#### Information shown
━━━━
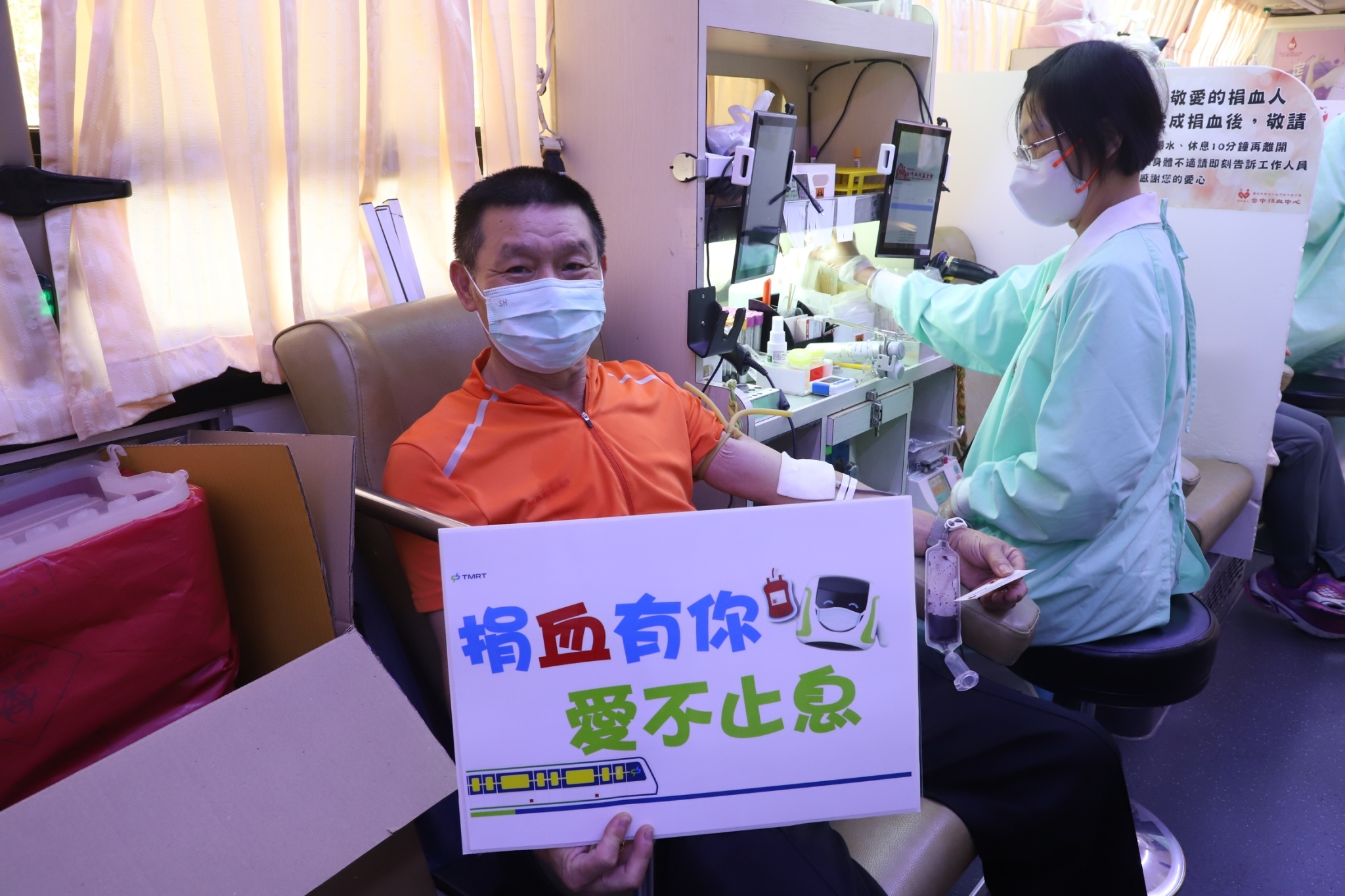 熱血助人不落人後!台中捷運公司今(2)日在北屯總站舉辦捐血活動,由總經理莊明聰、副總經理葉進財帶頭號召員工捐血,民眾也熱情響應,截至中午12時,已有36人捐出51袋血液。中捷公司表示,捐血活動將持續至16時,希望能達到募集100袋的目標。
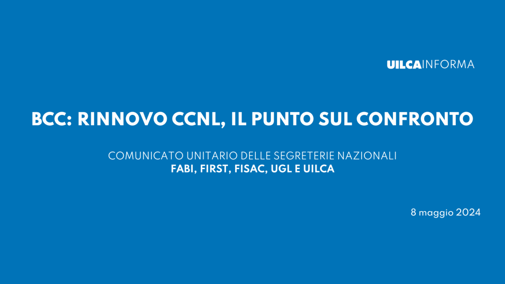 È proseguito in data di ieri, 7 maggio 2024, il confronto sul rinnovo del Contratto Collettivo Nazionale del Credito Cooperativo tra la Delegazione di Federcasse e le Segreterie Nazionali delle Organizzazioni Sindacali del settore.
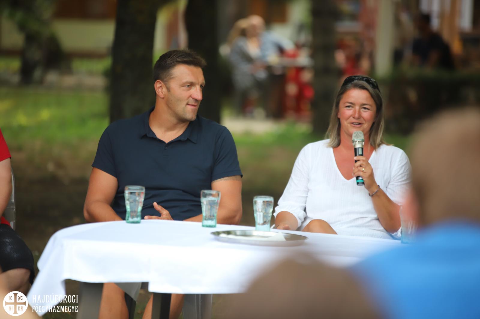 A strand focipályája aztán nézőtérré alakult át, ugyanis itt hallgathatták végig a sportolóházaspár „sikersztoriját” a fiatalok. Talán nem túlzás Kiss Gergelyék történetét így nevezni, hiszen nemcsak a karrier, de a magánélet terén is olyan követendő példa az övék, amely ma már igen ritka. A házaspárt Obbágy Lacus atya kérdezte 22 éve töretlen szövetségükről, gyereknevelésről, sportolói örömökről, nehézségekről. Gergely és Anna is nagyon közvetlenül, szívesen felelt minden kérdésre.
━━━━
Would you return the data above exactly as written, minus the images?

 熱血助人不落人後!台中捷運公司今(2)日在北屯總站舉辦捐血活動,由總經理莊明聰、副總經理葉進財帶頭號召員工捐血,民眾也熱情響應,截至中午12時,已有36人捐出51袋血液。中捷公司表示,捐血活動將持續至16時,希望能達到募集100袋的目標。
 È proseguito in data di ieri, 7 maggio 2024, il confronto sul rinnovo del Contratto Collettivo Nazionale del Credito Cooperativo tra la Delegazione di Federcasse e le Segreterie Nazionali delle Organizzazioni Sindacali del settore.
 A strand focipályája aztán nézőtérré alakult át, ugyanis itt hallgathatták végig a sportolóházaspár „sikersztoriját” a fiatalok. Talán nem túlzás Kiss Gergelyék történetét így nevezni, hiszen nemcsak a karrier, de a magánélet terén is olyan követendő példa az övék, amely ma már igen ritka. A házaspárt Obbágy Lacus atya kérdezte 22 éve töretlen szövetségükről, gyereknevelésről, sportolói örömökről, nehézségekről. Gergely és Anna is nagyon közvetlenül, szívesen felelt minden kérdésre.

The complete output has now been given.